As pessoas gostaram, mas eu sabia que eu era, nas palavras de Jeremias 8:11Chorando ‘Paz! Paz!’ onde não há paz.” Eu estava conjurando esperança onde havia muito pouca. Eu estava vivendo em um mundo que não existia mais, um quadro ilusório onde podíamos pular alegremente em caiaques e remar pelo Jordão dos agora abandonados kibutzim do norte, dance horas no Envelope de Gaza ou caminhar sem constrangimento pela Broadway perto de Columbia usando um quipá.

Às vezes eu podia trazer conforto, às vezes não. Às vezes eu podia inspirar ativismo. Às vezes não. Às vezes eu podia ajudar as pessoas a terem empatia com israelenses, palestinos ou Black Lives ou imigrantes ou pessoas trans. Às vezes, eu podia até mesmo ajudá-las a sentir o divino enquanto atravessávamos cada tempestade de chuva de mil anos nos golpeando implacavelmente, uma após a outra, semana após semana, com ferocidade crescente.

Às vezes, quando eu estava mais inspirado, eu conseguia ajudar as pessoas a se amarem mais. A amar o estranho, a amar o próximo, a se amarem. Mas às vezes, o preço que oramos pelo amor é a verdade. Eu sempre tentei equilibrar os dois em minhas mensagens; mas como rabino, eu precisava, como os cabalistas, ter uma inclinação para o amor.

Meu reservatório de amor não secou. Longe disso. Mas se tornou muito assustador para mim continuar a ser um apologista, a dividir os cabelos entre o que é genocídio e o que não é, ou limpeza étnica, ou antissemitismo, ou judaísmo ou Deus. Não sei quantos anos me restam, mas não posso gastá-los todos fazendo com que todos os outros se sintam melhor — mesmo quando não deveriam.

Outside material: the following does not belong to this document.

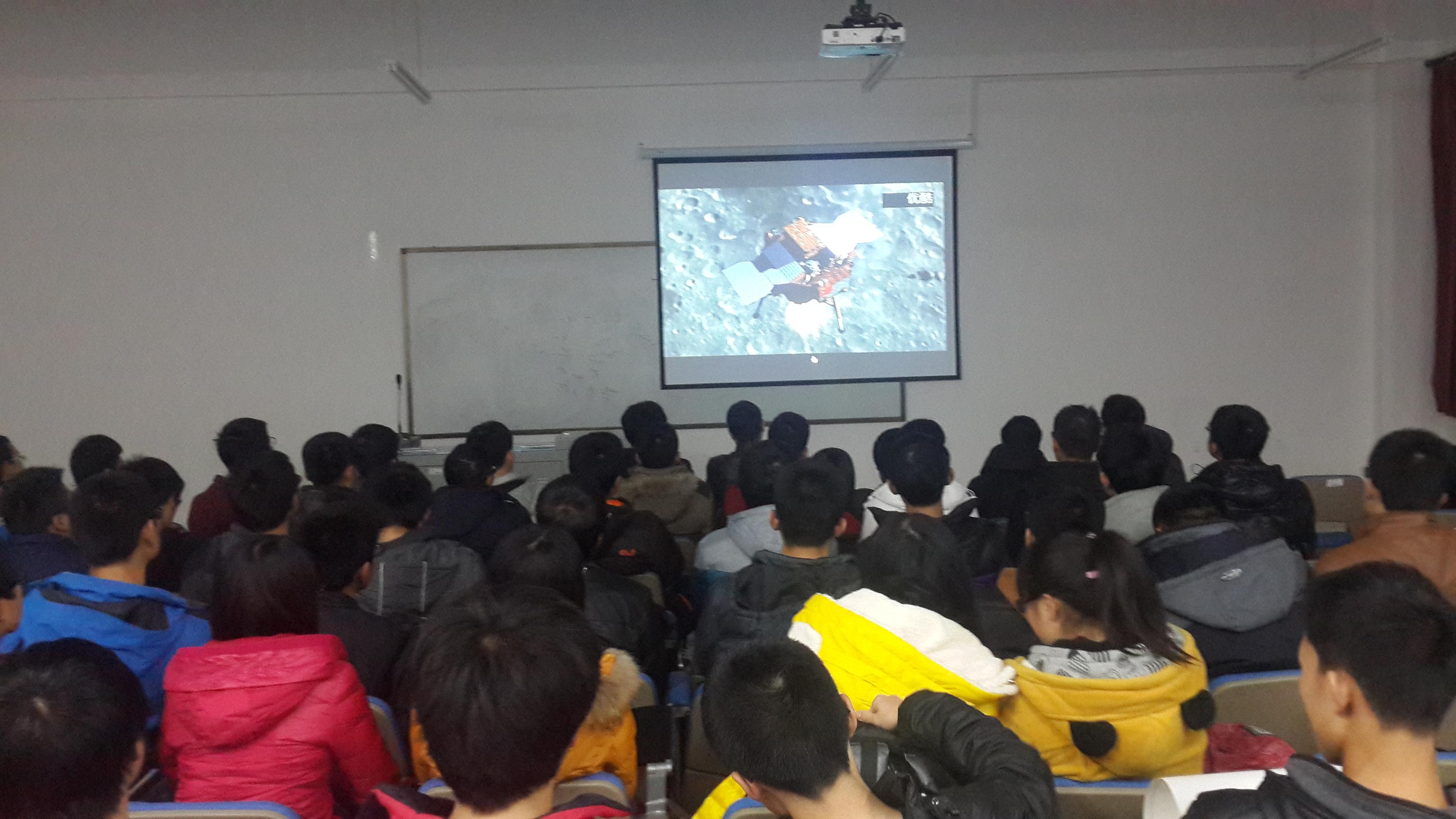 首先,主持人感谢到场各位师生,随后以一部三维动画作为开场白——2013年12月02日,在西昌卫星发射中心,伴随一声巨响,嫦娥三号探月卫星乘坐长征三号乙级火箭拔地而起直指苍穹。动画介绍了嫦娥三号的飞行轨迹及登月计划,着重介绍月球车的软着陆及探月工作,生动又形象的带领大家一起走上探月之旅。就在众人感叹科技伟大之时,画面出现了一位正襟危坐,认真工作的航天工作人员,而他,就是此次学习报告会的主角——杨加东。看着图片,主持人开始对这位校友进行介绍,来自保山市施甸县的杨加东,2005年6月从吉林大学电气工程专业毕业,现为西昌发测站箭体动力室工程师。常规动力作为发射场上最重要的分系统之一,主要负责火箭Ⅰ级、Ⅱ级及助推级动力系统的靶场测试、常规推进剂加注和发射工作。杨加东就是常规动力系统所有工作的统筹协调和组织指挥者。杨加东走上指挥员岗位的时间不长,但他积极进取、严谨细致的品质值得信赖。听完主持人的介绍,同学们脸上流露出自豪与敬佩,他们自豪有这么一位助力国家发展的优秀学长,又深深地敬佩他的成就,同时反省自己,展望未来。最后,蔡印老师上台总结,他补充了杨家东学长曾经在吉大时的生活与学习情况,使大家更加亲切与真实地了解这位楷模,同时,蔡印老师和大家畅谈人生价值与规划,他表达了对在座每位学子的期望也送上自己衷心的祝福,会议在一片热烈的掌声中落下帷幕。

Não posso adoçar a pílula dos males do antissemitismo e do ódio, os perigos imediatos do fascismo crescente na América e do Kahanismo em Israel, a negação da ciência, a degradação das mulheres e a alteridade dos refugiados, simplesmente para manter os congregantes acalmados. Não posso dizer “Isso também passará”, quando no meu ouvido Jeremiah está gritando: “Passar? Passar? Não há ‘Passe’.’”

E é por isso que é hora de eu fazer a transição para jornalista-primeiro. O rabino ainda estará lá, mas recuando um pouco para o fundo. Você pode nem perceber. Não vou tirá-lo do meu papel timbrado. É uma grande parte de quem eu sou. Mas o contador da verdade também é.

Daqui em diante, não falo por ninguém e nada além da verdade, como eu a vejo. Nem por Deus, nem pela Torá, nem por nenhum partido político.

Em um momento em que o mundo está em colapso, e sem nenhuma indicação de que vai melhorar em breve, agora mesmo o mundo precisa de contadores de verdade muito mais do que de um grande abraço. Não posso ser sobrecarregado com o papel de padre-consolador quando preciso ser um profeta ecoando o clamor do meu rebbe-da-verdade, Jeremias.

O melhor rabino que posso ser agora é jornalista.

(Rabino Josué Hammerman é o autor de “Mensch-Marks: Lições de vida de um rabino humano” e “Abraçando Auschwitz: Forjando um judaísmo vibrante e afirmativo da vida que leva o Holocausto a sério.” Veja mais de seus escritos em sua página Substack, “Neste momento.” As opiniões expressas neste comentário não refletem necessariamente as do Religion News Service.)